GB platform: compatible with various video manufacturers, plays video data in the gb28181 protocol format, and has the functions of device registration and logout. And receiving the heartbeat sent by the equipment, and checking whether the equipment is offline or not. The system has the functions of real-time preview, video inquiry and video on demand. The system has the functions of video on demand control, play support, pause, rate control, positioning play and the like.
Sip (Session initiation Protocol) is a multimedia communication Protocol established by IETF (Internet Engineering Task Force), is a text-based application layer control Protocol used for creating, modifying and releasing sessions of one or more participants, is an IP voice Session control Protocol originated from the Internet, and has the characteristics of flexibility, easy implementation, convenient expansion and the like.
MD5 Message Digest Algorithm (MD5 Message-Digest Algorithm), which is a widely used cryptographic hash function to transform data (e.g. a segment of text) operation into another fixed length value, is the basic principle of hash Algorithm, and can generate a 128-bit (16-byte) hash value to ensure consistent information transmission.
SM4 original name SMS4.0 is a block cipher standard adopted by the government of the people's republic of China, belongs to a commercial cipher system, and is mainly used for data encryption. The algorithm is disclosed, the packet length and the character string length can be exchanged by 128 bits, the encryption algorithm and the key expansion algorithm adopt a 32-round nonlinear decomposition structure, and 8-bit input 8-bit output with fixed S box bits is adopted.
Equipment: the device herein includes a camera but is not limited to a camera, and may be referred to as a device as long as the gb28181 protocol number video data can be generated.
The publication number CN107846447A discloses a method for accessing a message middleware to a home terminal based on an MQTT protocol, which relates to the technical field of Internet of things and comprises the following steps: s1, importing the home terminal information; s2, the home terminal requests an authentication service platform, and calculation encryption is carried out to obtain a check code; s3, the home terminal sends the check code to the authentication service platform for comparison and verification, and if the check code is consistent with the check code, a security token is returned; s4, the home terminal carries a security token to request the authentication service platform to acquire message middleware connection information; and S5, the home terminal accesses the message middleware, and the middleware calls the authentication service platform interface to perform client identity authentication.
The prior art at present has the following defects:
1. the identity information of the camera (equipment) is not subjected to primary detection;
2. the identity information of the camera (equipment) can be counterfeited and registered;
3. identity information of the camera (equipment) can be cracked violently;
4. the direct connection between the identity information of the camera (equipment) and the GB platform is not blocked, which easily causes information leakage.
Disclosure of Invention
The invention aims to provide a method and a system for video exchange identity authentication to solve the technical problems in the prior art.
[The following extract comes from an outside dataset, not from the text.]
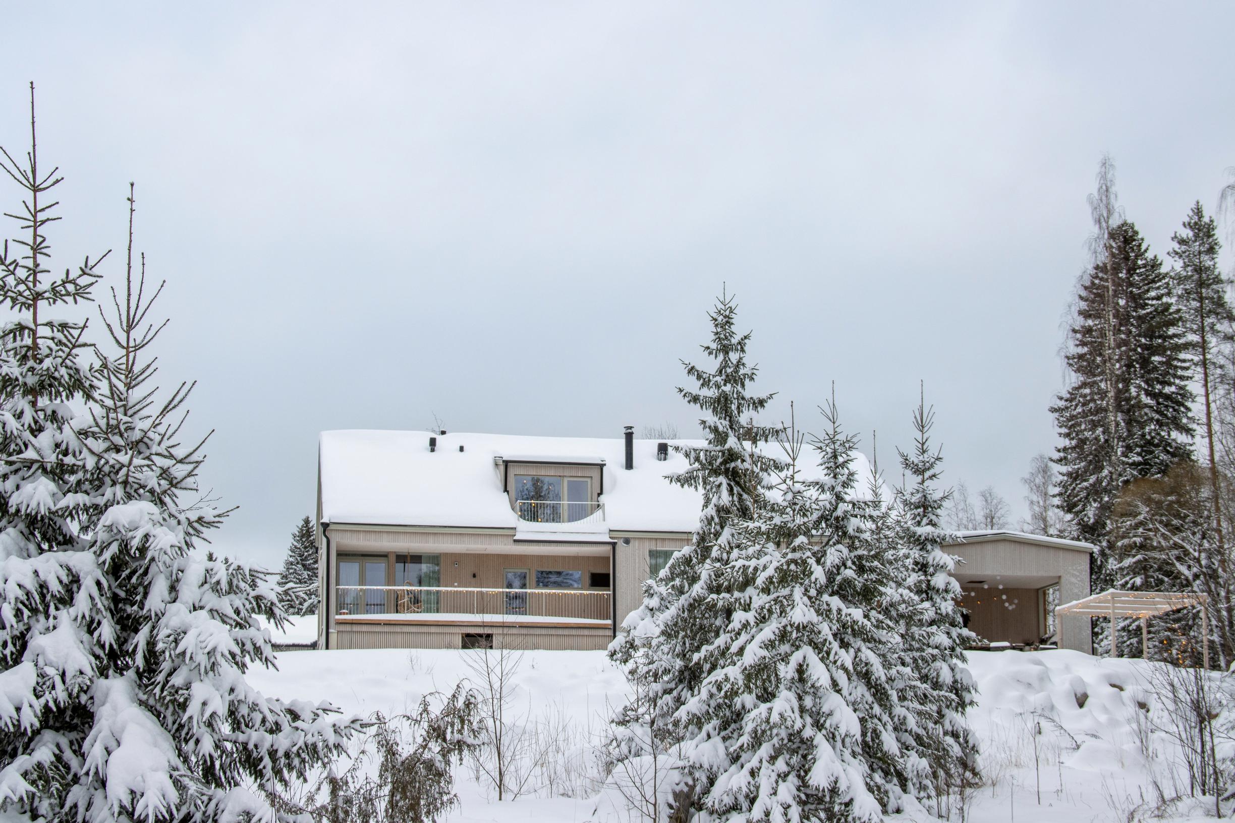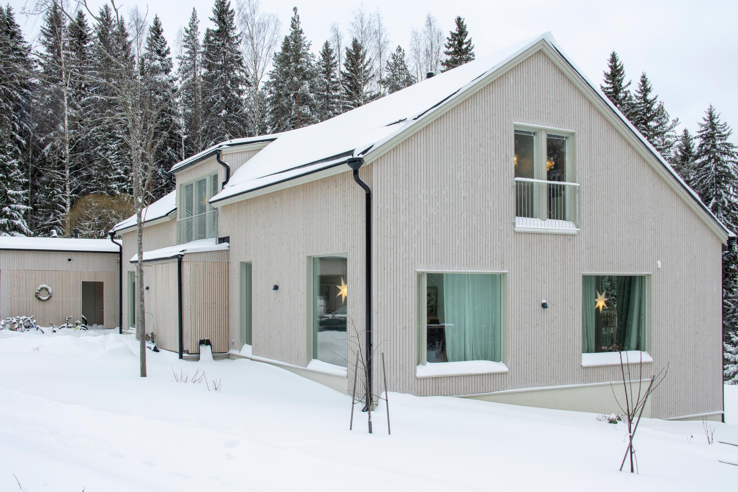 Home A detached house completed in 2021 on the shore of Alvajärvi in Jyväskylä. The house has about 230 square meters (about 2,480 sq ft) of space, and the outbuilding about 25 (about 270 sq ft).

The invention provides a method for video exchange identity authentication, which comprises the following steps:
adding a middleware between the original camera and the GB platform;
adding a middleware to verify the identity of the camera before the original GB platform authenticates the identity of the camera;
after the GB platform performs identity authentication on the middleware and identity verification of the middleware on the camera, the camera and the GB platform perform video data transmission.
Preferably, the specific process of adding the middleware to verify the identity of the camera before the original GB platform authenticates the identity of the camera is as follows:
firstly, a camera and a GB platform need to input identity information into a middleware;
then, the middleware carries out identity verification on the camera;
after the identity is verified, replacing the verification information with GB platform identity information from the camera identity information, and performing platform identity authentication by the GB platform verification and middleware;
and finally, after the platform identity authentication is finished, the camera and the GB platform transmit video data.
Preferably, the identity information includes: a username and password.
Preferably, the verifying the identity of the camera by the middleware comprises:
inputting user names and passwords of a camera and a GB platform;
the middleware receives the signaling request, and the middleware automatically matches an encryption algorithm to encrypt a user name and a password of the camera;
and comparing the encrypted result with the signaling identification information, and if the result is consistent with the signaling identification information, completing identity verification.
Preferably, the signaling is Sip signaling.
Preferably, the signaling identification information is Sip identification information.
Preferably, the encryption algorithm is: MD5 or SM 4.
Preferably, the identity check does not distinguish between camera manufacturers.
Preferably, the GB platform includes well before carrying out platform identity authentication on the camera: and Sip signaling forwarding, namely, replacing identity information for the camera passing the identity verification of the middleware, forwarding the camera to the GB platform, receiving a response and forwarding the response to the camera.
Preferably, the system comprises:
a camera: a device that generates video data in the gb28181 protocol format;
a middleware: checking identity information and forwarding Sip signaling;
GB platform: receiving camera data for playing and authenticating identity;
the camera is connected with the middleware, and the middleware is connected with the GB platform;
the specific method for the middleware to verify the identity information comprises the following steps:
firstly, a camera needs to input a user name and a password into a middleware;
then, the middleware receives the Sip signaling request, automatically matches an MD5 or SM4 encryption algorithm to encrypt the user name and the password of the camera, compares the result of encryption completion with Sip identification information, and completes identity verification if the result of encryption completion is consistent with the Sip identification information;
the specific method for Sip signaling forwarding is as follows: and after replacing the identity information of the camera passing the identity verification of the middleware, forwarding the camera to the GB platform, receiving a response and forwarding the response to the camera.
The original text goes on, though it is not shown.